Raw data
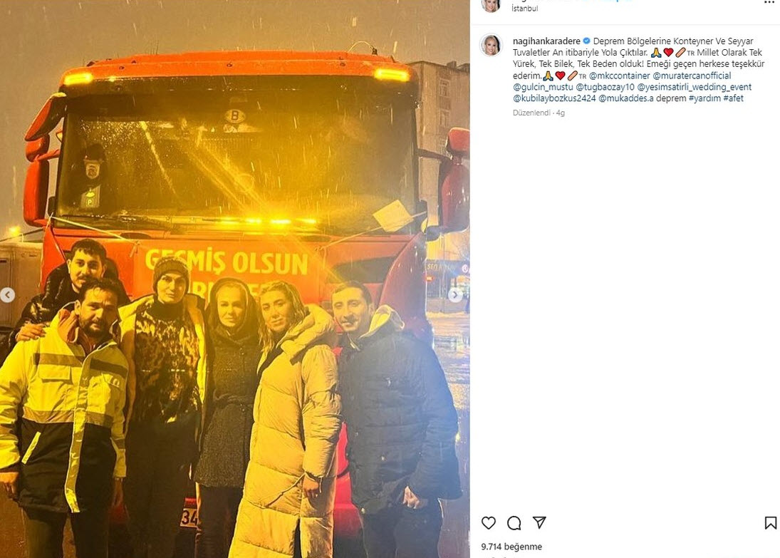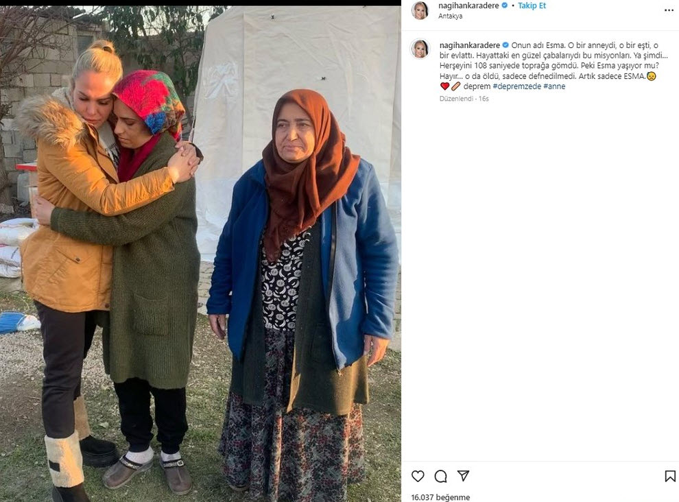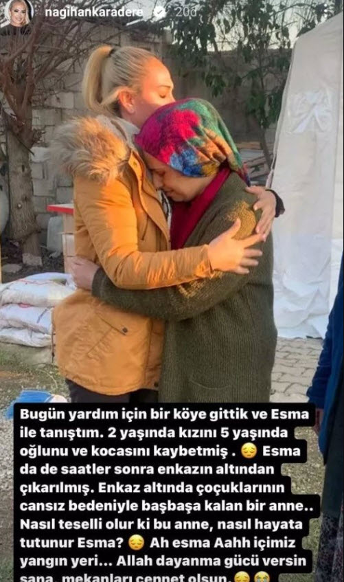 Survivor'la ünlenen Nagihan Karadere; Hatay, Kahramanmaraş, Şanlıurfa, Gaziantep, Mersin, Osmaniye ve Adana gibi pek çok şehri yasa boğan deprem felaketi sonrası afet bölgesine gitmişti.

---

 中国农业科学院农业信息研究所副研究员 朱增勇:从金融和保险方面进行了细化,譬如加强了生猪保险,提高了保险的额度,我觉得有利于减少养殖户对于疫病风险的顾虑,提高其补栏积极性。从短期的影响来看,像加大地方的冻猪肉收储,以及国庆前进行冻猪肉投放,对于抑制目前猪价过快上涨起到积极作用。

--

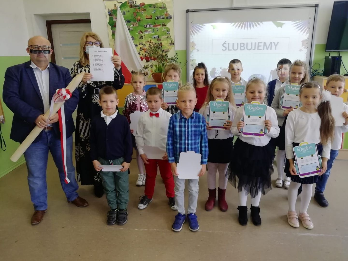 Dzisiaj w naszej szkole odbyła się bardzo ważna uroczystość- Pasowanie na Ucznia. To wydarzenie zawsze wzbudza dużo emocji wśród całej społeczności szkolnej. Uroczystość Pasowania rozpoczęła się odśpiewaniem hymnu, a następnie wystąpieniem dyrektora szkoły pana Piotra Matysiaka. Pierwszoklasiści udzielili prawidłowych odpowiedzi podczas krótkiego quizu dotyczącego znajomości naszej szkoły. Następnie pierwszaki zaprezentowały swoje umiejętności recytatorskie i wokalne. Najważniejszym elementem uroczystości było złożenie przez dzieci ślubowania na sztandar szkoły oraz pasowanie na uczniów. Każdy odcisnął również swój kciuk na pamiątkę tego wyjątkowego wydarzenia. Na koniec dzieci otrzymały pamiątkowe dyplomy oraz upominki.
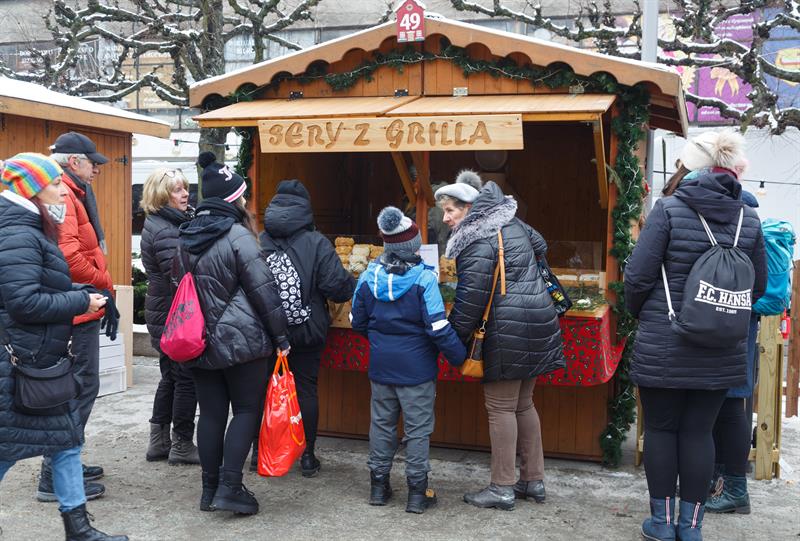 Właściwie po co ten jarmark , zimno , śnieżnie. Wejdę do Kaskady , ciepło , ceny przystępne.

Your instructions
From the listing above, please give again the lines that begin with the line holding "Dzisiaj w naszej" and go on through the line holding "Właściwie po co", exactly, both ends included, minus any picture.

Reply
 Dzisiaj w naszej szkole odbyła się bardzo ważna uroczystość- Pasowanie na Ucznia. To wydarzenie zawsze wzbudza dużo emocji wśród całej społeczności szkolnej. Uroczystość Pasowania rozpoczęła się odśpiewaniem hymnu, a następnie wystąpieniem dyrektora szkoły pana Piotra Matysiaka. Pierwszoklasiści udzielili prawidłowych odpowiedzi podczas krótkiego quizu dotyczącego znajomości naszej szkoły. Następnie pierwszaki zaprezentowały swoje umiejętności recytatorskie i wokalne. Najważniejszym elementem uroczystości było złożenie przez dzieci ślubowania na sztandar szkoły oraz pasowanie na uczniów. Każdy odcisnął również swój kciuk na pamiątkę tego wyjątkowego wydarzenia. Na koniec dzieci otrzymały pamiątkowe dyplomy oraz upominki.
 Właściwie po co ten jarmark , zimno , śnieżnie. Wejdę do Kaskady , ciepło , ceny przystępne.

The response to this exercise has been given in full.